Where $G_n$ are the Gregory coefficients, which appears in the expansion of $x/\ln(1+x)$ for $|x|<1$, $$\begin{align}\frac{x}{\ln(1+x)}&=1+G_1x+G_2x^2+G_3x^3+ \cdots\\&=1+\frac{1}{2}x-\frac{1}{12}x^{2}+\frac{1}{24}x^{3}-....\end{align}$$ Substituting this in $(2)$, $$b_n=\left(\left(-1\right)^{n}-1\right)\left(n+1\right)!\left|G_{n+2}\right|\tag{3}$$

We can see from $(3)$ that for $n$ being even, $b_n=0$

Answer 2

We can actually simplify your equation even further by using a Rising factorial or Falling factorial, but the best way would be to use the equivalent Pochhammer Symbol:

$$(a)_b\mathop=^\text{def}\frac{Γ(a+b)}{Γ(a)}\implies (u)_{n+1}= \frac{Γ(u+n+1)}{Γ(u)} $$

Therefore your integral is nothing more than:

$$f(h)=h^{n+2} \int_{-n}^0 \frac{\Gamma\left[u + 1 + n\right]}{\Gamma\left[u\right]} \ \text{d} u \\ =h^{n+2}\int_{-n}^0 (u)_{n+1}du$$

You can then use a series representation to integrate easily.

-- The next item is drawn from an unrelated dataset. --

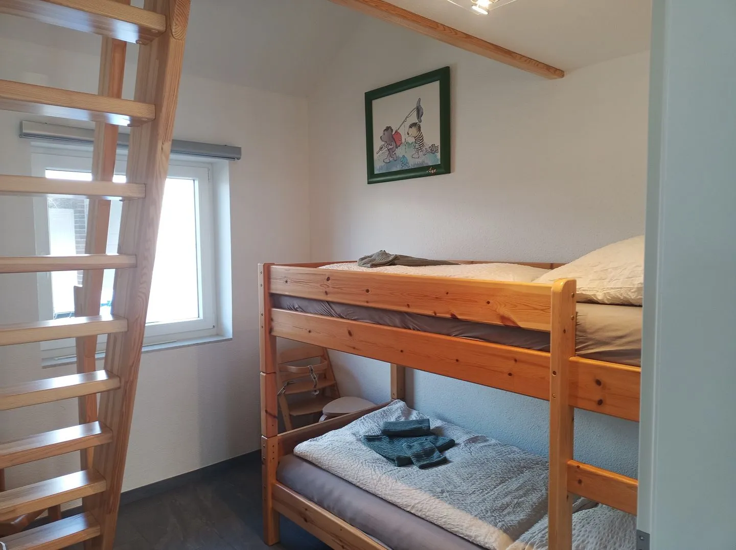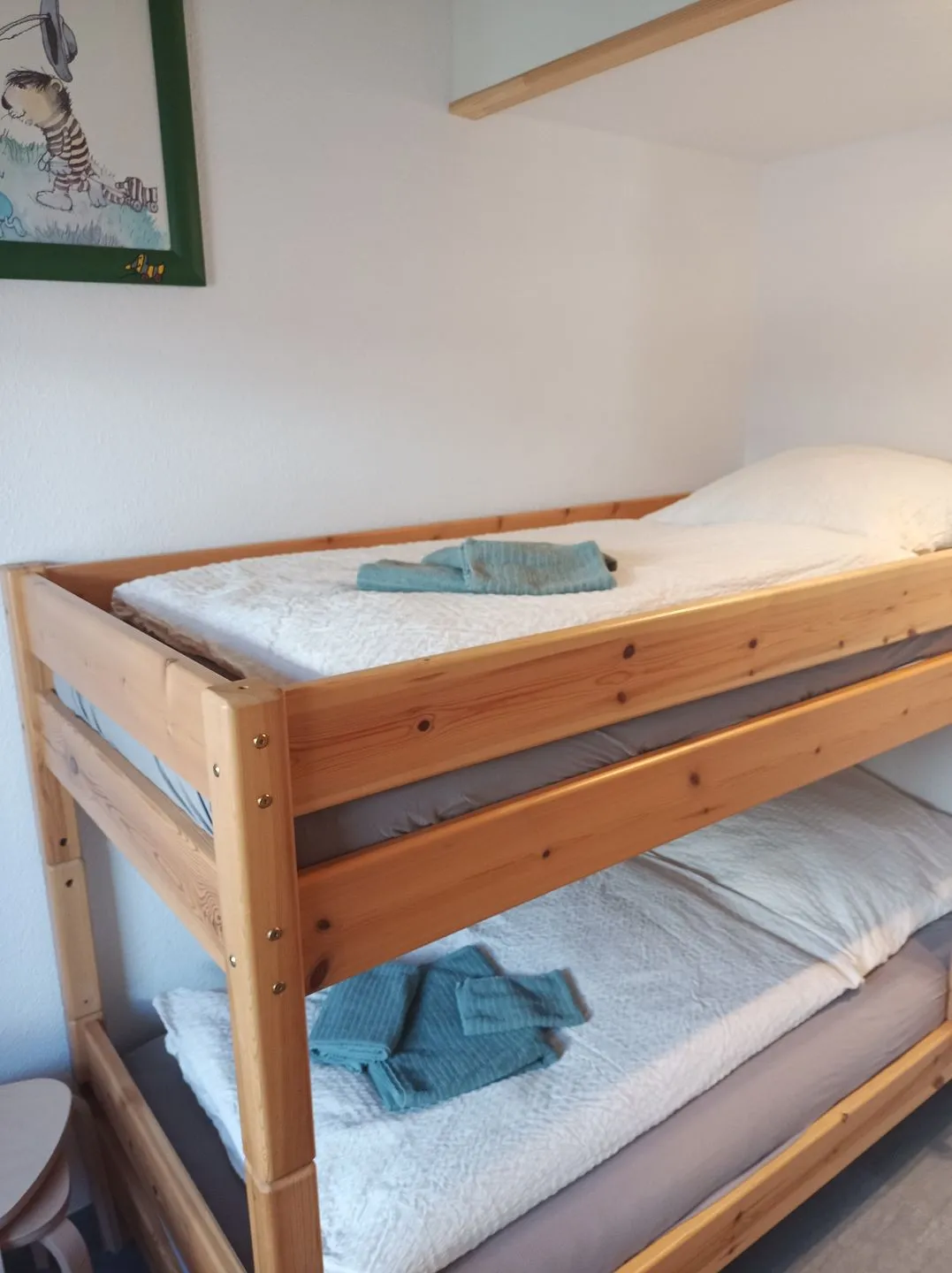 Ein weiteres Schlafzimmer ist mit einen Etagenbett ausgestattet, hier ist der Spielboden über eine Treppe zugänglich. Alle Fenster sind mit Plissees und/oder Verdunkelungsrollos versehen.

Since your $n+1\in\Bbb N$, it makes the integration easier. Let’s use this simple expansion which uses the Stirling Numbers of the First Kind $S_n^{(m)}$. We can interchange the sum and integral because it is a finite sum:

$$f(h)=h^{n+2} \int_{-n}^0 \frac{\Gamma\left[u + 1 + n\right]}{\Gamma\left[u\right]} \ \text{d} u \\ =h^{n+2}\int_{-n}^0 (u)_{n+1}du=h^{n+2}\int_{-n}^0 \sum_{k=0}^{n+1} (-1)^{k+n+1} S_{n+1}^{(k)} u^k du= h^{n+2}\sum_{k=0}^{n+1} (-1)^{k+n+1} S_{n+1}^{(k)} \frac{u^{k+1}}{k+1} \bigg|_{-n}^0= -h^{n+2}\sum_{k=0}^{n+1} (-1)^{k+n+1} S_{n+1}^{(k)} \frac{(-n)^{k+1}}{k+1}$$

Now let’s finish the result noting that $(-1)^{2\Bbb Z}=1$

$$-h^{n+2}\sum_{k=0}^{n+1} (-1)^{k+n+1} S_{n+1}^{(k)} \frac{(-n)^{k+1}}{k+1}= -h^{n+2}\sum_{k=0}^{n+1} (-1)^{n}(-1)^{k+1} (-1)^{k+1}S_{n+1}^{(k)} \frac{(n)^{k+1}}{k+1}= -h^{n+2}\sum_{k=0}^{n+1} \frac{ (-1)^nS_{n+1}^{(k)}n^{k+1}}{k+1} $$

We can actually factor $n$ out even if the upper bound is $n$:

$$-h^{n+2}\sum_{k=0}^{n+1} \frac{ (-1)^nS_{n+1}^{(k)}n^{k+1}}{k+1}= -n(-1)^n h^{n+2}\sum_{k=0}^{n+1} \frac{ S_{n+1}^{(k)}n^k}{k+1} $$

Therefore, your question’s gamma function formula has been evaluated assuming $n\in\Bbb N$:

$$f(h)= n(-1)^{n+1} h^{n+2}\sum_{k=0}^{n+1} \frac{ S_{n+1}^{(k)}n^k}{k+1} = -(-h)^{n+2}\sum_{k=1}^{n+1} \frac{ S_{n+1}^{(k-1)}n^k}k $$

Which is a closed form assuming finite $n$. Please correct me and give me feedback!